## [SOURCE INFORMATION]
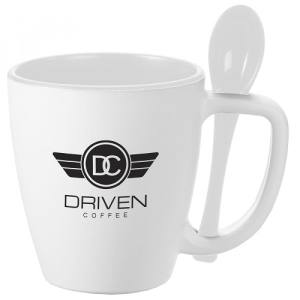 ::Uniquely Evans, this mug is double-wall insulated::16 oz. polypropylene cup includes a spoon::BPA free
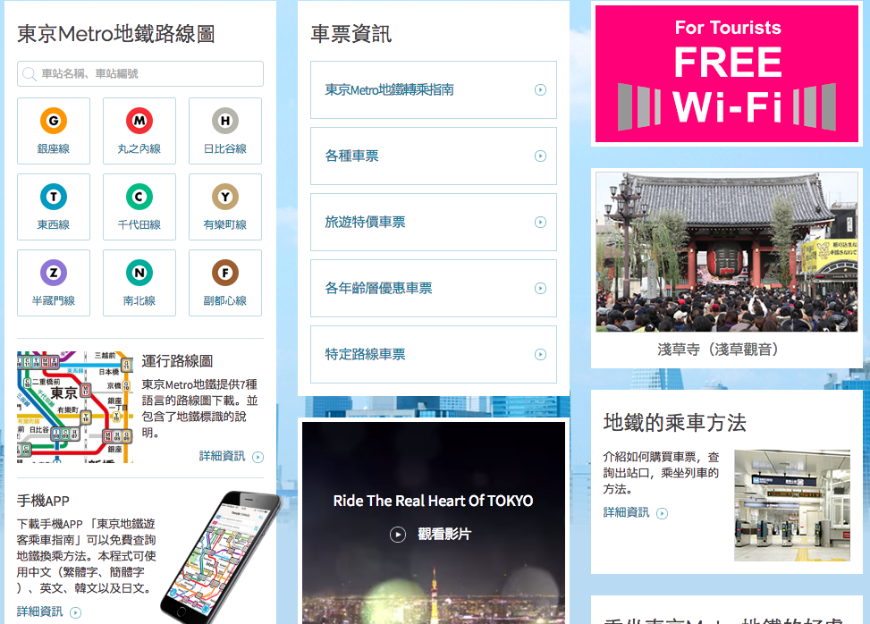 如果需要更詳細的資訊,東京Metro的網站上都可以找到繁體中文的內容。
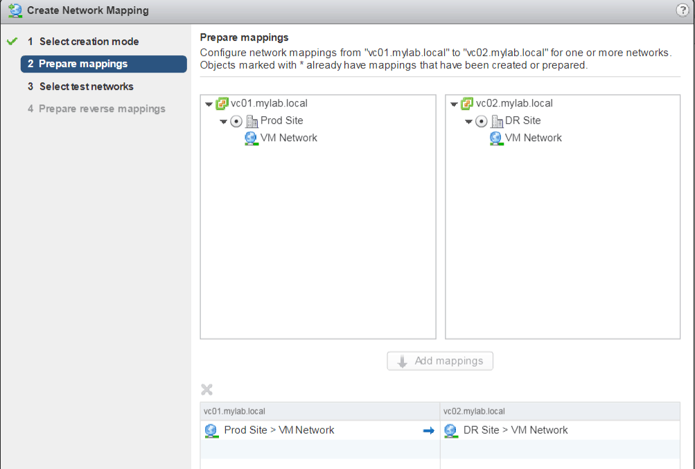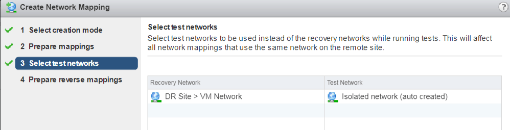 Network at Prod site and DR site may totally different. In worst cases, server need change to a new IP address after server is up at DR site. That why we need configure network mappings correctly.
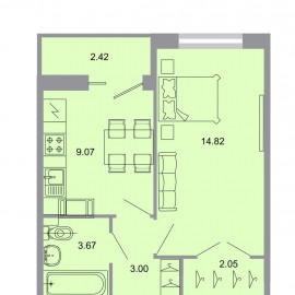 1-92856 Продается однокомнатная квартира площадью 40.6 кв.м. Квартира с уникальной планировкой. Комната 14.8 кв.м. с балконом , кухня 12 кв.м и большой совмещенный санузел 8 кв.м с балконом. В квартире два больших застекленных балкона, что позволяет организовать зоны для хранения и...
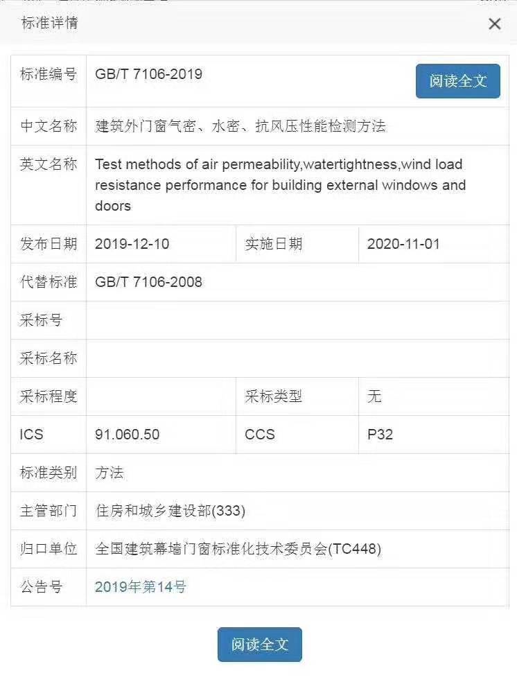 GB/T 7106-2019《建筑門窗氣密、水密、抗風(fēng)壓性能檢測(cè)方法》
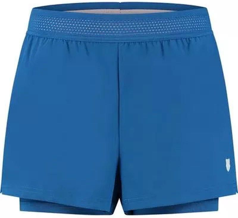 Damskie spodenki K-Swiss Tac Hypercourt Short 4 Women - krótkie spodenki sportowe do ćwiczeń i treningów w hali oraz na powietrzu. Idealne do codziennych treningów jak i na co dzień. Zewnętrzene spodenki wykonane z lekkiego, oddychającego materiału, doskonale odprowadza pot. Jest łatwy w praniu i szybkoschnący. Szeroka, elastyczna perforowana guma w pasie pozwalaja na lepsze dopasowanie spodenek. Dwie boczne otwarte kieszenie po bokach. Rozcięcia na nogawkach dla większej swobody ruchów. Wewnętrzne, przylegające szorty zapewniają komfort i pełna mobilność ruchów. Małe graficzne logo na nogawce. Kolor: classic blue (za producentem) Materiał: 94% poliester, 6% elastyna.
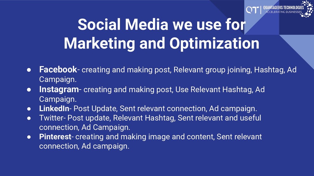creating and making post, Relevant group joining, Hashtag, Ad Campaign. • Instagram- creating and making post, Use Relevant Hashtag, Ad Campaign. • LinkedIn- Post Update, Sent relevant connection, Ad campaign. • Twitter- Post update, Relevant Hashtag, Sent relevant and useful connection, Ad Campaign. • Pinterest- creating and making image and content, Sent relevant connection, Ad campaign.
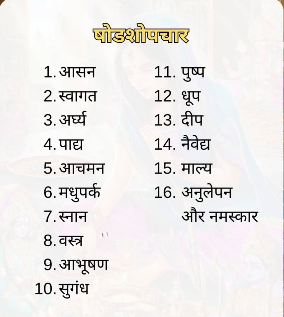 рд╖реЛрдбрд╢реЛрдкрдЪрд╛рд░ (Shodashopachar) тАУ 16 рдЙрдкрдЪрд╛рд░ (Offerings)
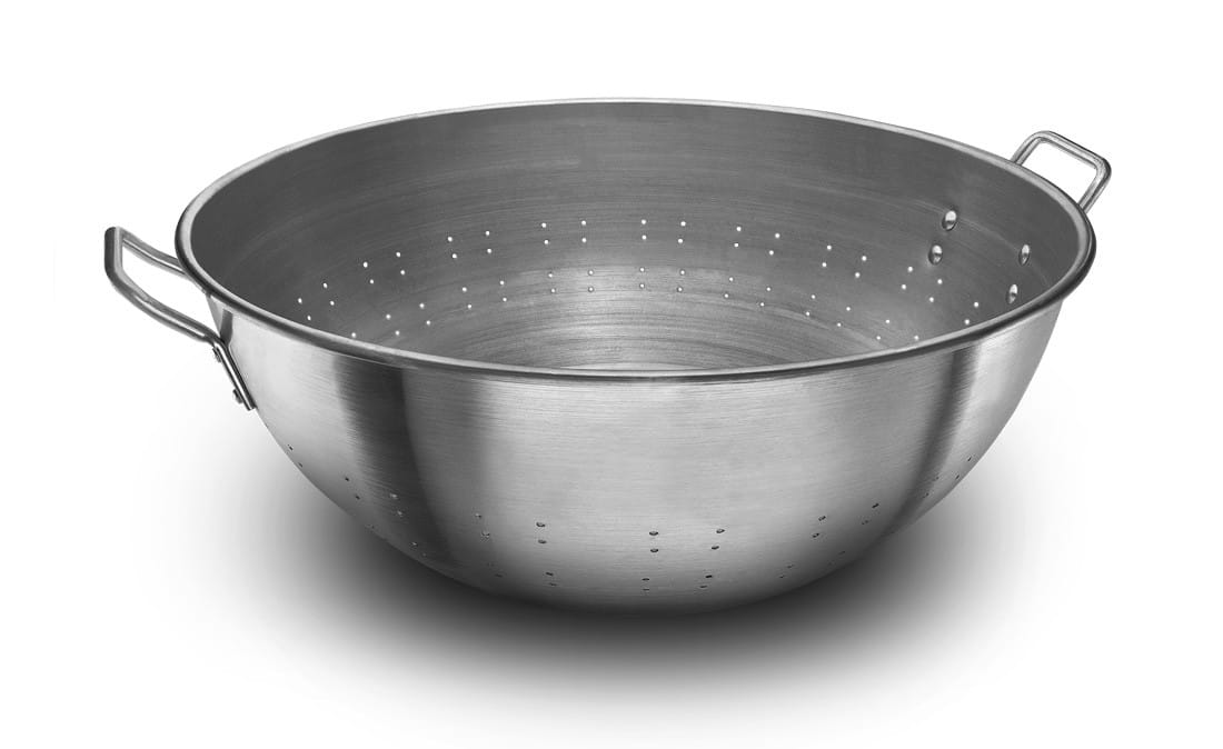 Descrição: Tacho com furos e 2 alças, em alumínio.
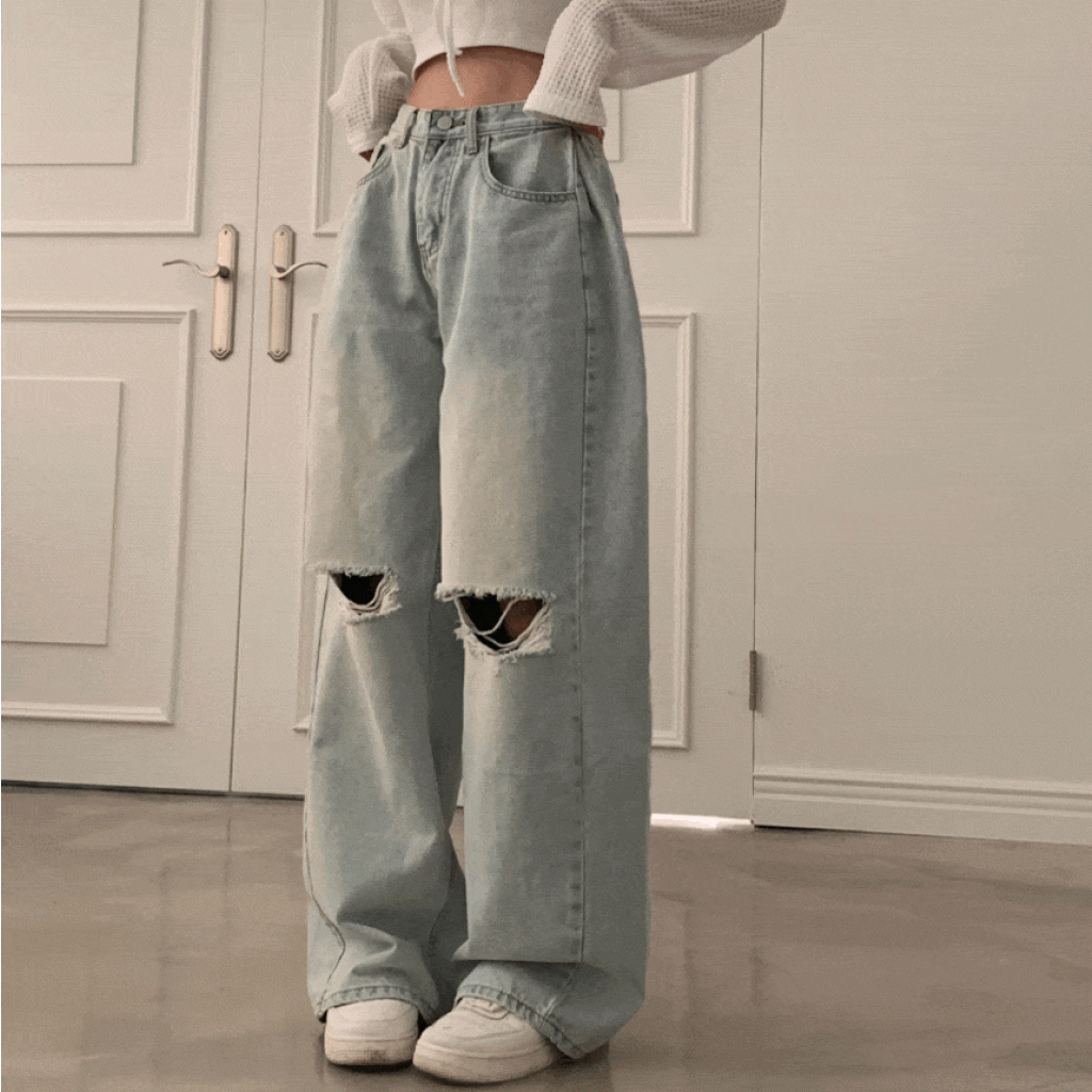 ヽ( ^ω^ ゞ )休閒既闊腿破洞牛仔褲❤牛仔褲係萬能百搭單品衣櫃必備一條呀😍

## [WORK REQUEST]
In your copy of the listing, please omit the pictures and keep every word exact.

## [ANSWER TO THIS EXERCISE]
 ::Uniquely Evans, this mug is double-wall insulated::16 oz. polypropylene cup includes a spoon::BPA free
 如果需要更詳細的資訊,東京Metro的網站上都可以找到繁體中文的內容。
 Network at Prod site and DR site may totally different. In worst cases, server need change to a new IP address after server is up at DR site. That why we need configure network mappings correctly.
 1-92856 Продается однокомнатная квартира площадью 40.6 кв.м. Квартира с уникальной планировкой. Комната 14.8 кв.м. с балконом , кухня 12 кв.м и большой совмещенный санузел 8 кв.м с балконом. В квартире два больших застекленных балкона, что позволяет организовать зоны для хранения и...
 GB/T 7106-2019《建筑門窗氣密、水密、抗風(fēng)壓性能檢測(cè)方法》
 Damskie spodenki K-Swiss Tac Hypercourt Short 4 Women - krótkie spodenki sportowe do ćwiczeń i treningów w hali oraz na powietrzu. Idealne do codziennych treningów jak i na co dzień. Zewnętrzene spodenki wykonane z lekkiego, oddychającego materiału, doskonale odprowadza pot. Jest łatwy w praniu i szybkoschnący. Szeroka, elastyczna perforowana guma w pasie pozwalaja na lepsze dopasowanie spodenek. Dwie boczne otwarte kieszenie po bokach. Rozcięcia na nogawkach dla większej swobody ruchów. Wewnętrzne, przylegające szorty zapewniają komfort i pełna mobilność ruchów. Małe graficzne logo na nogawce. Kolor: classic blue (za producentem) Materiał: 94% poliester, 6% elastyna.
creating and making post, Relevant group joining, Hashtag, Ad Campaign. • Instagram- creating and making post, Use Relevant Hashtag, Ad Campaign. • LinkedIn- Post Update, Sent relevant connection, Ad campaign. • Twitter- Post update, Relevant Hashtag, Sent relevant and useful connection, Ad Campaign. • Pinterest- creating and making image and content, Sent relevant connection, Ad campaign.
 рд╖реЛрдбрд╢реЛрдкрдЪрд╛рд░ (Shodashopachar) тАУ 16 рдЙрдкрдЪрд╛рд░ (Offerings)
 Descrição: Tacho com furos e 2 alças, em alumínio.
 ヽ( ^ω^ ゞ )休閒既闊腿破洞牛仔褲❤牛仔褲係萬能百搭單品衣櫃必備一條呀😍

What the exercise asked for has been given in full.